Questa nuova edizione vuole essere qualcosa di più che un aggiornamento della prima edizione. Ci sono nuove domande a cui si deve rispondere, sul ruolo dei mediatori familiari e sulla qualità del servizio che offrono. Oggi si presta molta più attenzione alla necessità di ascoltare i punti di vista e i sentimenti dei figli e di trovare dei modi per parlare con loro, in modo che i genitori raggiungano degli accordi che tengano in considerazione questi loro bisogni, le loro idee e i loro sentimenti. Arrivare a stringere un accordo concreto non dovrebbe essere l’unico, e nemmeno il principale, obiettivo della mediazione. I mediatori devono coltivare lo spirito della mediazione, e unire un alto livello di competenza professionale a qualità come l’empatia e la creatività.

Come «nonna» della mediazione familiare, ho potuto vivere magnifiche esperienze di congressi e laboratori in molti Paesi, tra cui Canada e USA, Rus-sia, Slovenia e Ucraina, Spagna e Portogallo, Cuba, Guadalupe e La Réunion nell’Oceano Indiano. La rete di mediazione familiare ha una grande importanza nello sviluppo della mediazione familiare internazionale transfrontaliera. Nel 2012, la Conferenza dell’Aia ha pubblicato le Linee guida per le buone pratiche nella mediazione familiare internazionale, sulla base della Convenzione dell’Aia sul Rapimento minorile, del 1980. L’Unione Europea ha finanziato un programma di formazione europeo, in questo specifico campo. Ma molto lavoro c’è ancora da fare per sviluppare un registro internazionale unificato di mediatori familiari qualificati in grado di intraprendere una mediazione in casi di rapimento minorile e altre fattispecie di controversie transfrontaliere.
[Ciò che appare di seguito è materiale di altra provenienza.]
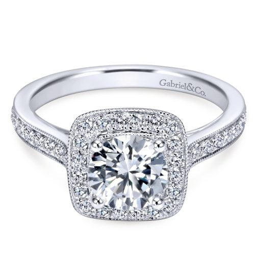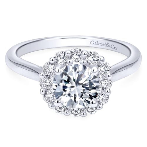 14k White Gold Shining Halo Victorian Engagement Ring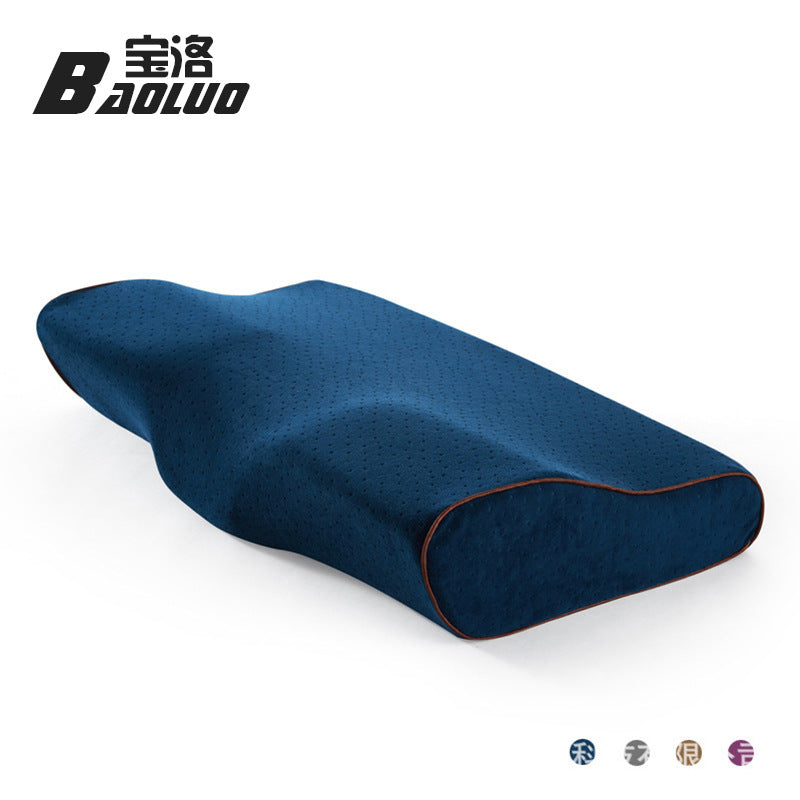 This butterfly-shaped memory foam pillow is designed to support the cervical spine and reduces neck strain during sleep. Its ergonomic contour follows the natural curve of the head, neck, and shoulders, making it suitable for back, side, and combination sleepers.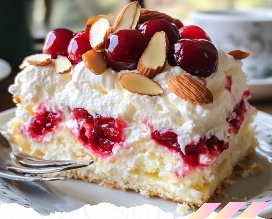 2. Pour 2/3 of the cherry pie filling evenly over the cake.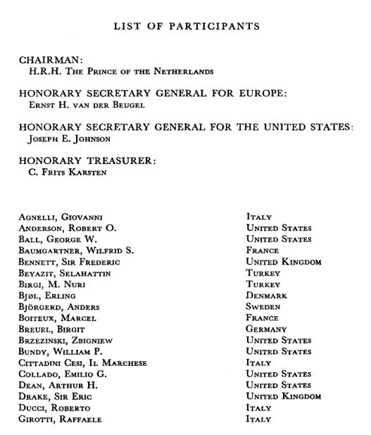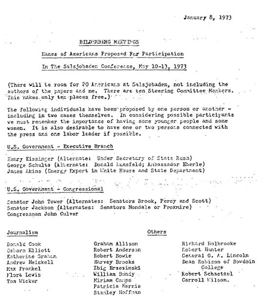 Figure 8 Partial list of official attendees at the 1973 Bilderberg meeting. It includes ARCO head Robert O. Anderson, Zbigniew Brzezinski and George Ball.
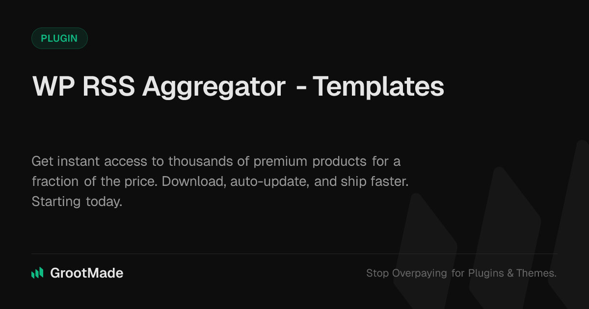 GrootMade is NOT affiliated with WP RSS Aggregator - Templates or its original author. WP RSS Aggregator - Templates™ is a trademark of its respective owner and use of it does not imply any endorsement or affiliation. This product has been forked under the GNU General Public License (GPL) and all non-GPL assets (such as proprietary images, fonts, and branding) have been removed. Distributing GPL-licensed code is 100% legal.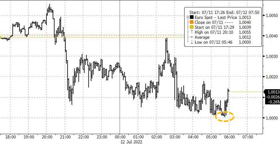 北京时间7月12日17时许 , 欧元兑美元一度触及甚至跌破平价(即1欧元兑1美元),该货币对日内最低摸到0.99999。上一回见到这种情况,还要追溯到2002年的12月。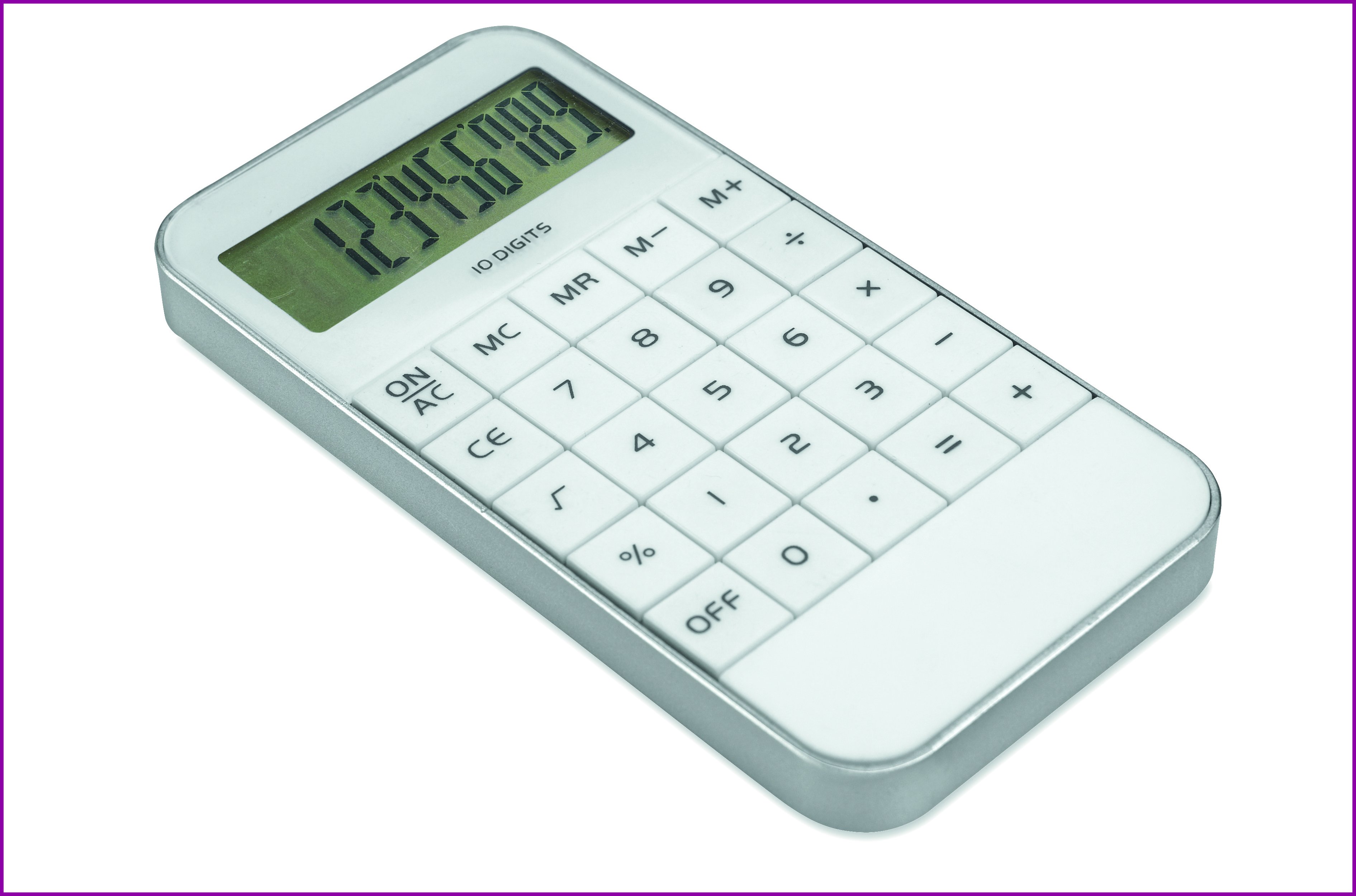 10-numeroinen laskin ABS- muovi kuorella, sisältää yhden AG13 pariston.

Spero che questo libro possa suscitare l’interesse dei mediatori familiari e degli studenti di psicologia, di giurisprudenza e di altre discipline, oltre che dei professionisti interessati a nuovi punti di vista sulla mediazione e sulla risoluzione alternativa delle controversie. Sono molti gli sviluppi innovativi che vanno al di là degli obiettivi di questo libro e che devono essere indagati da altri studiosi. Spero che chi darà un’occhiata a queste pagine scopra dei modi di vedere le cose capaci di incoraggiare quella risoluzione pacifica delle controversie e dei conflitti cercata dai mediatori di tutto il mondo.